BYU

Office of Research Computing

Storage

hard_disk_small.jpg Office of Research Computing data storage offerings are to be used in conjunction with high performance compute processing performed on Office of Research Computing compute resources. Data for other purposes should be held elsewhere.

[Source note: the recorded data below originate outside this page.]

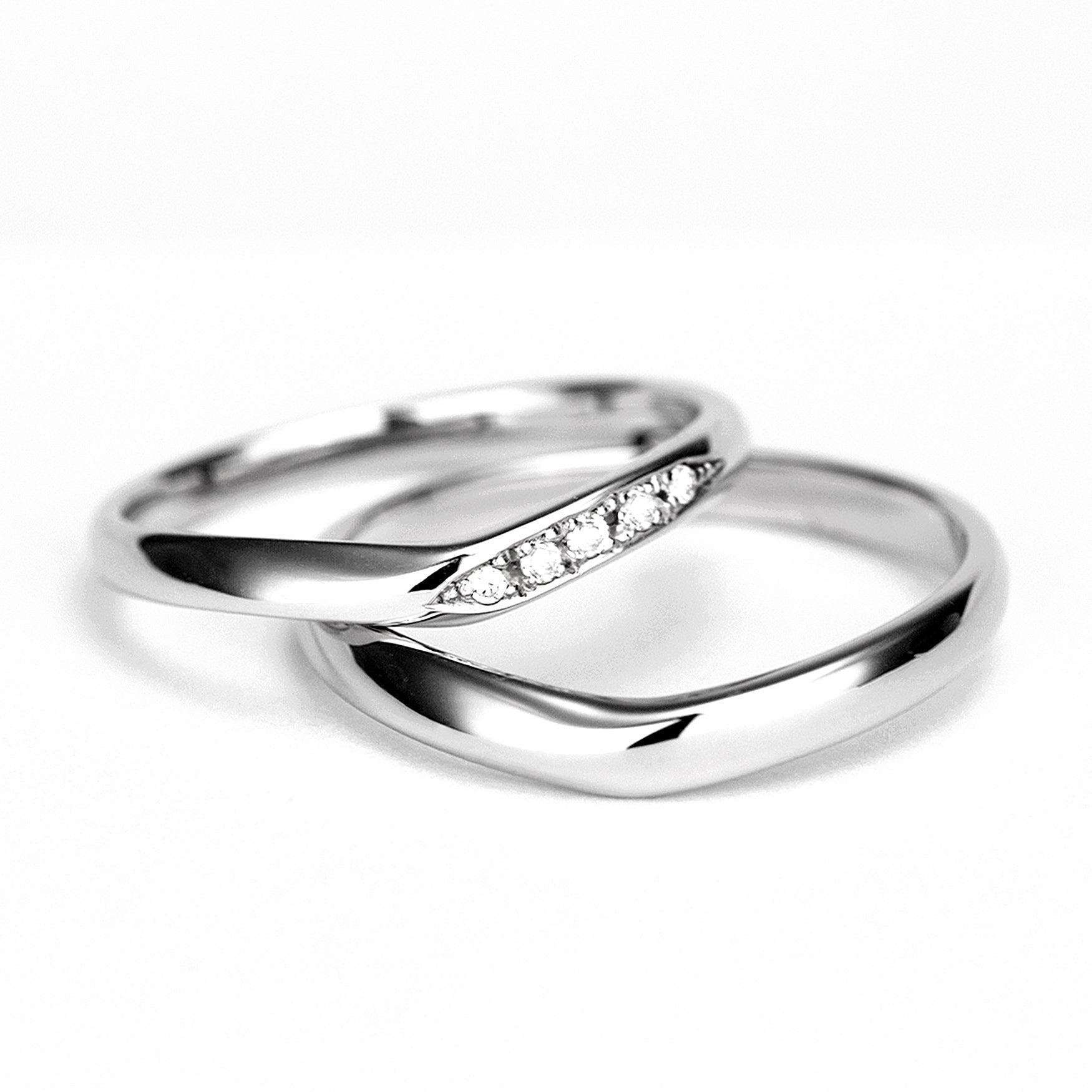 シンプルながら滑らかなV字デザインが特徴のマリッジリング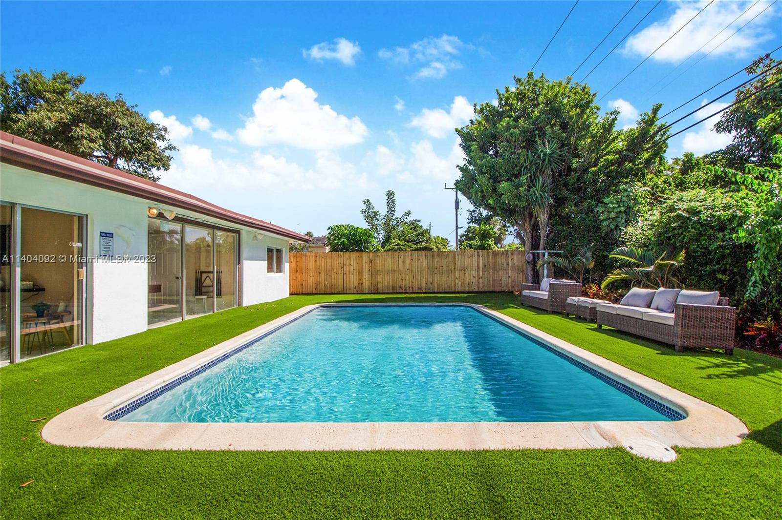 LUXURIOUS AND UPDATED, 4 BEDROOMS, 2 BATHROOMS, WITH POOL, INCLUDES IN-LAW-QUARTERS WITH BEDROOM AND SEATING AREA AND NEWLY CONSTRUCTED BATHROOM. NEW ROOF IN 2021. NEW KITCHEN CABINETS WITH GRANITE COUNTER TOPS AND STAINLESS STEEL APPLIANCES, CENTRAL A/C, IMPACT FRONT WINDOWS AND FRONT DOOR. THE EXPANSIVE BACKYARD INCLUDES A SPARKLING POOL AND VERDANT SURROUNDINGS. GREAT STRUCTURE AND BONES. CIRCULAR DRIVEWAY, FENCED. WONDERFUL OPPORTUNITY!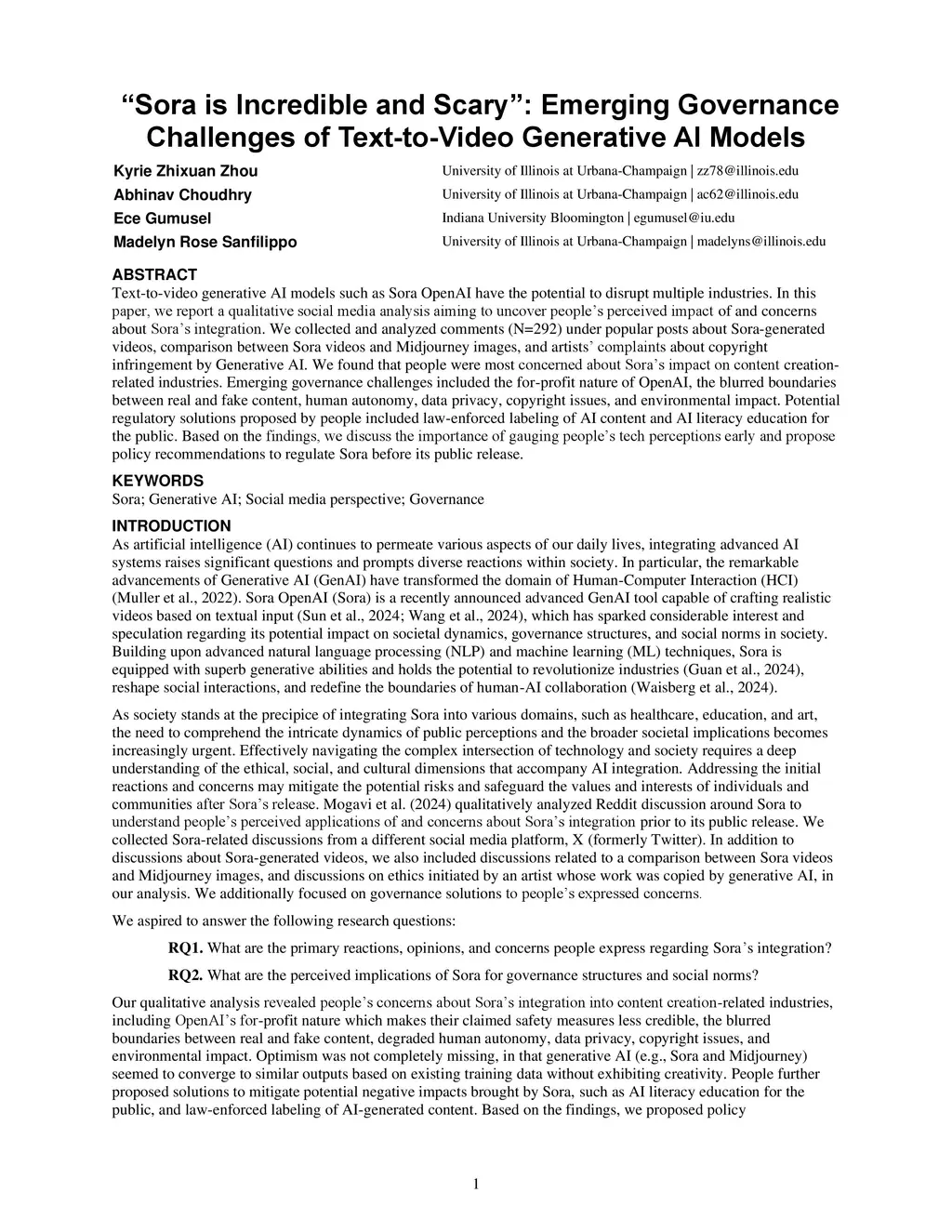 "Sora is Incredible and Scary": Emerging Governance Challenges of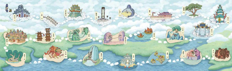 这本书大致按照“天界”、“人界” 、“地界”三部分的图景划分,一共是22处西游景点,三个空间独立却又承前启后,极其详尽。比如天界的相关介绍,南天门、凌霄宝殿、广寒宫这些地点西游迷们也不陌生,但是四大天王的法器和能力,天河中的珍奇神兽,《霓裳羽衣曲》的来历大家却未必清楚。数百位神话人物,恢弘壮丽的神话场景,是“西游”却又非“西游”。通过对古典名著的再创作,不仅精准还原了原书中的故事,又进行了合理的升格。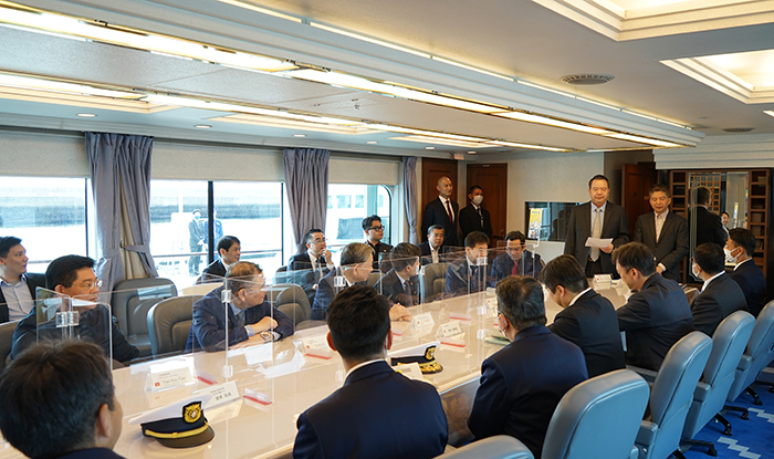Phó Đô đốc lực lượng Cảnh sát biển Nhật Bản Nagai Nobukazu giới thiệu về tuần tra ven biển Matsunami với Bộ trưởng Tô Lâm và Đoàn công tác.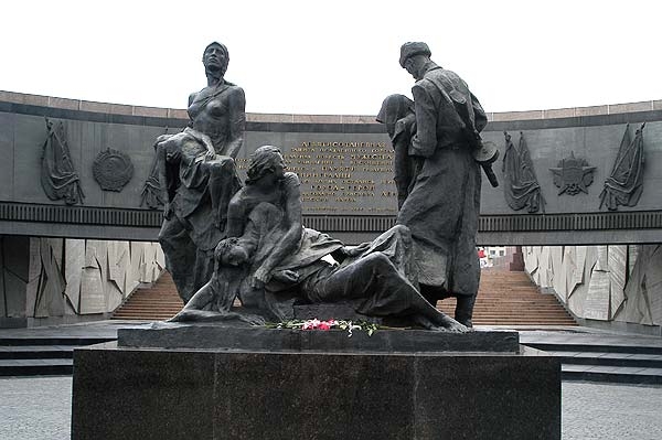 Монумент был открыт 9 мая 1975 г. к 30-летию победы в Великой Отечественной войне. Авторы мемориального комплекса - лауреаты Государственной премии, народные художники СССР С. Сперанский, В. Каменский, М. Аникушин. Южный фасад мемориала – «Площадь Победителей». На гранитных пилонах установлены 26 бронзовых скульптур – это образы защитников Ленинграда. Главная вертикаль – 48-метровый гранитный обелиск. У его основания – скульптурная группа «Победители»: фигуры рабочего и солдата. Обелиск – связующее звено между «Площадью Победителей» и полукруглым Памятным залом «Блокада». К нему ведут широкие лестницы по обеим сторонам постамента обелиска. По замыслу авторов, поверхность стен сохраняет фактуру деревянной опалубки – такими были оборонительные сооружения военных лет. 23 февраля 1978 г. был открыт подземный Памятный зал. Здесь размещена документально-художественная экспозиция, посвященная обороне и блокаде Ленинграда.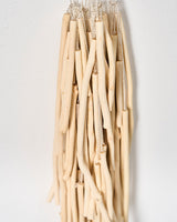In the necklace series 'A Brushing of Branches' 2024, bundles of small apple and apricot branches sanded to a silky smooth finish, appear suspended. Each hanging on a fine silver chain, the branches softly brush and tap against each other as the wearer moves.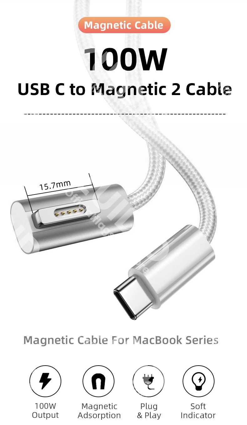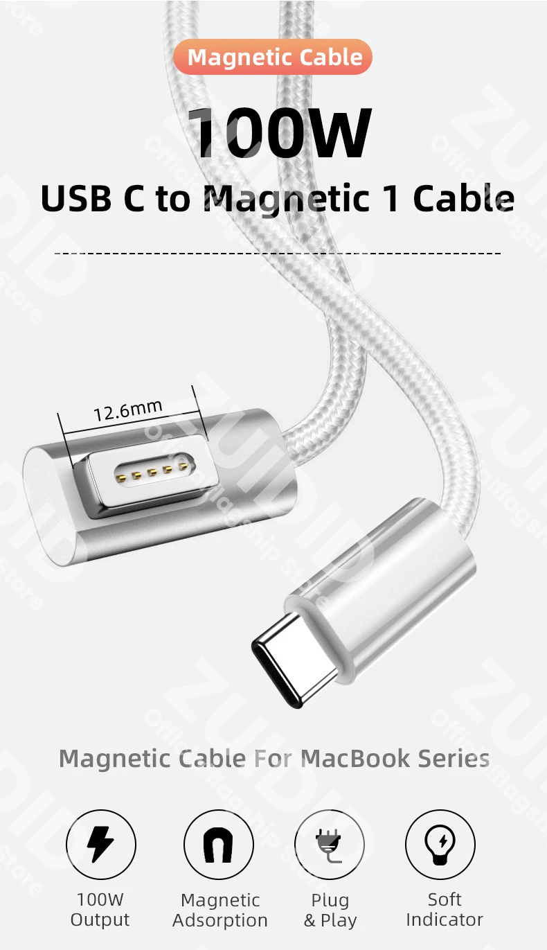 Comprar Adaptador de Cable USB C a magnético 1/2 para Apple MacBook Air/Pro, convertidor de carga PD de 100W, cargador de Cable de carga rápida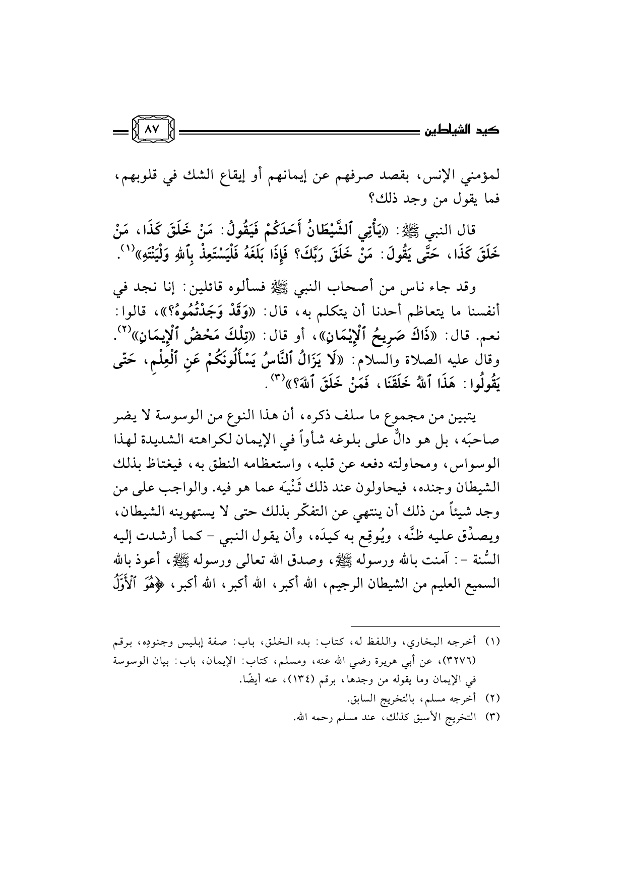 (¬1) أخرجه البخاري، واللفظ له، كتاب: بدء الخلق، باب: صفة إبليس وجنودِه، برقم (3276) ، عن أبي هريرة رضي الله عنه، ومسلم، كتاب: الإيمان، باب: بيان الوسوسة في الإيمان وما يقوله من وجدها، برقم (134) ، عنه أيضًا.

Rent or Purchase Additional Storage

Please see this document to learn more about rental and purchase options.

Storage Resources Summary

Name Path Default Quota Backed Up Purpose
Home Directory /home/username or ~/ 1 TB (1000 GB), 1 million files Yes Critical data to be retained, source codes, small file processing
Scratch or Compute ~/compute 20 TB (20480 GB), 1 million files No Temporary files, in processing data, large file processing
Group ~/fsl_groups/groupname 40 GB, 1 million files Yes Shared data sets and results, group small file processing
Group Scratch ~/fsl_groups/groupname/compute 20 TB (20480 GB), 1 million files No Temporary files, in processing data, and large file processing of group shared data
tmp or local scratch /tmp N/A No Limited storage on compute nodes for in processing scratch data

Home Directories

  • Home directories should be used to store code and data deemed critical and worth being backed up
  • Home directories are accessible from compute nodes and may be used for storing small files being processed against, but should not be used to store temporary scratch data
  • The default quota is 1 TB and 1 million files, but requests may be made for more if appropriate
  • Data in home directories is backed up daily

Scratch, or Compute, Storage

  • Scratch storage is expensive high performance storage to store large data and results
  • Users should take the time to periodically clean up scratch storage and free up space for others
  • There is a 20 TB, 1 million file quota on user scratch storage
  • Data in scratch is not backed up, unless you back up manually

Group Storage

  • Group Storage should be used like home directories, with the added benefit of being able to share files with other users
  • The default quota for a group is 40 GB and 1 million files
  • Data in group storage is backed up daily
  • See the Group File Sharing page for more information

Group Scratch Storage

  • Group scratch storage should be used like scratch storage, with the added benefit of being able to share files with other users
  • There is a 20 TB, 1 million file quota on group scratch storage
  • Group scratch storage is not backed up, unless you back up manually

tmp, or Local Scratch Storage

  • tmp storage uses the local hard drive on the node the job is running on
  • Users may create temporary files and directories in /tmp for local scratch file needs
  • Users are responsible for and should automate cleaning up of /tmp after every job
  • Each compute node has limited space. This may vary from about 30 GB to over 800 GB
  • We recommend using the path `/tmp/$SLURM_JOB_ID` to make sure that the directory is unique for each job.
  • An example script to manage the cleanup follows:
#!/bin/bash
#SBATCH --nodes=1 --ntasks=8
#SBATCH --mem=16G
#SBATCH --time=3:00:00

TMPDIR=/tmp/$SLURM_JOB_ID

# prepare function to clean up directory if job is killed, etc
# NOTE: THIS IS NOT EXECUTED UNTIL THE SIGNAL IS CALLED.
cleanup_scratch() {
    echo "Cleaning up temporary directory inside signal handler, meaning I either hit the walltime, or deliberately deleted this job using scancel"
    rm -rfv $TMPDIR
    echo "Signal handler ended at:"
    date
    exit 1
}

#Now, associate this function with the signal that is called when the job is killed, or hits its walltime
trap 'cleanup_scratch' TERM

#Now, initial setup of temporary scratch directory
echo "Creating scratch directory at $TMPDIR"
mkdir -pv $TMPDIR 2>&1

#PUT CODE TO COPY YOUR DATA INTO $TMPDIR HERE IF NECESSARY
#DO WHATEVER YOU NEED TO DO TO GET YOUR SOFTWARE TO USE $TMPDIR. THIS WILL DEPEND ON THE SOFTWARE BEING USED
#PUT CODE TO RUN YOUR JOB HERE

echo "Cleaning up temporary directory at end of script, meaning that the job exited cleanly"
rm -rfv $TMPDIR